--- Data excerpts ---

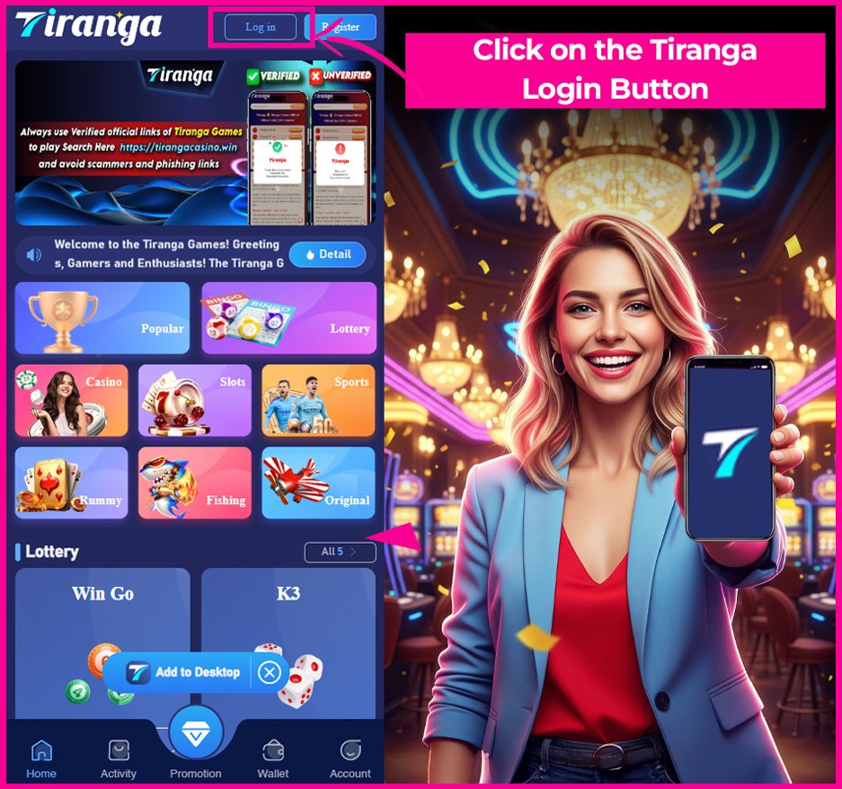 Follow these easy steps to register yourself on the Tiranga platform and start exploring the games and entertainment options:
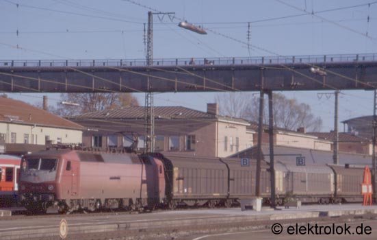 Mit etwas Glück kann man die 120 auch am Tag im Güterverkehr fotographieren. Der Großteil der Güterzüge werden aber in der Nacht bespannt. Am 02. November 2000 bringt 120 121 als Ersatz für eine ausgefallene ÖBB-1016 einen Güterzug nach München Nord. (HS, Rosenheim, 02.11.00)
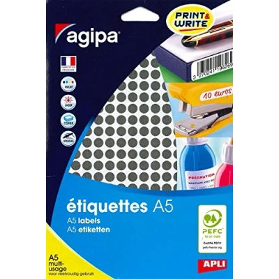 Black Multipurpose Tablets Diameter 8mm. Pack of 10 Sheets of A5 Multipurpose 2940 Tablets. Permanent Adhesive Multipurpose:Identify, price marking, signage, etc. These labels are an ideal product for easy printing and also for handwriting. apli-agipa self-adhesive labels for inkjet printers, laser printers and copiers on the market: Epson, Canon, HP, Lexmark..No storage risk thanks to high temperature resistant adhesive.
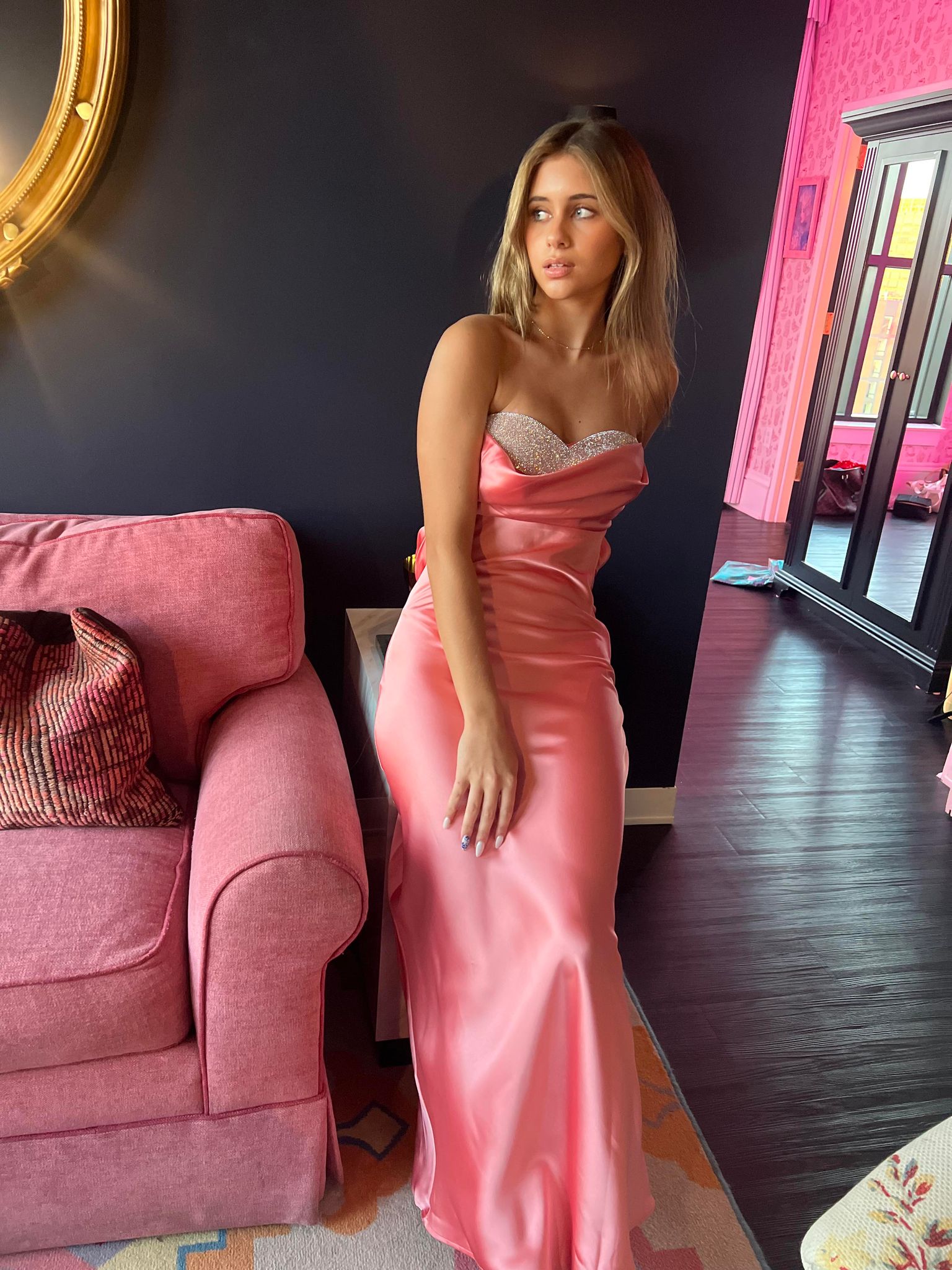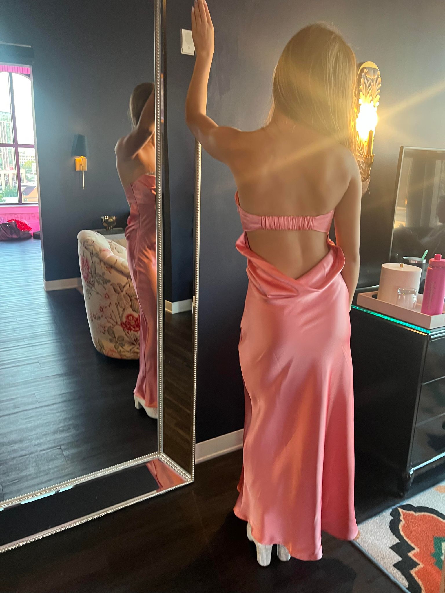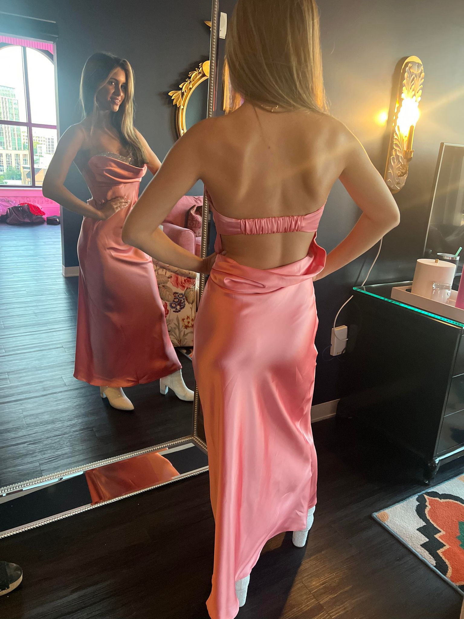 Introducing the Fallon Dress - designed to make you sparkle and shine! This Peach midi dress features amazing rhinestone detail, plus an eye-catching flounce back to help make a statement. Perfect for any special occasion when you've got to dress to impress!
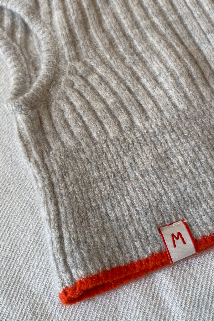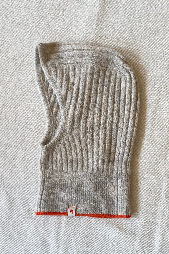 Cagoule en maille côtelé, finition orange et brodée "M "comme Moismont . Taille unique.

---

The problem:
Copy out every entry exactly as written, but not the pictures.

Result:
 Follow these easy steps to register yourself on the Tiranga platform and start exploring the games and entertainment options:
 Mit etwas Glück kann man die 120 auch am Tag im Güterverkehr fotographieren. Der Großteil der Güterzüge werden aber in der Nacht bespannt. Am 02. November 2000 bringt 120 121 als Ersatz für eine ausgefallene ÖBB-1016 einen Güterzug nach München Nord. (HS, Rosenheim, 02.11.00)
 Black Multipurpose Tablets Diameter 8mm. Pack of 10 Sheets of A5 Multipurpose 2940 Tablets. Permanent Adhesive Multipurpose:Identify, price marking, signage, etc. These labels are an ideal product for easy printing and also for handwriting. apli-agipa self-adhesive labels for inkjet printers, laser printers and copiers on the market: Epson, Canon, HP, Lexmark..No storage risk thanks to high temperature resistant adhesive.
 Introducing the Fallon Dress - designed to make you sparkle and shine! This Peach midi dress features amazing rhinestone detail, plus an eye-catching flounce back to help make a statement. Perfect for any special occasion when you've got to dress to impress!
 Cagoule en maille côtelé, finition orange et brodée "M "comme Moismont . Taille unique.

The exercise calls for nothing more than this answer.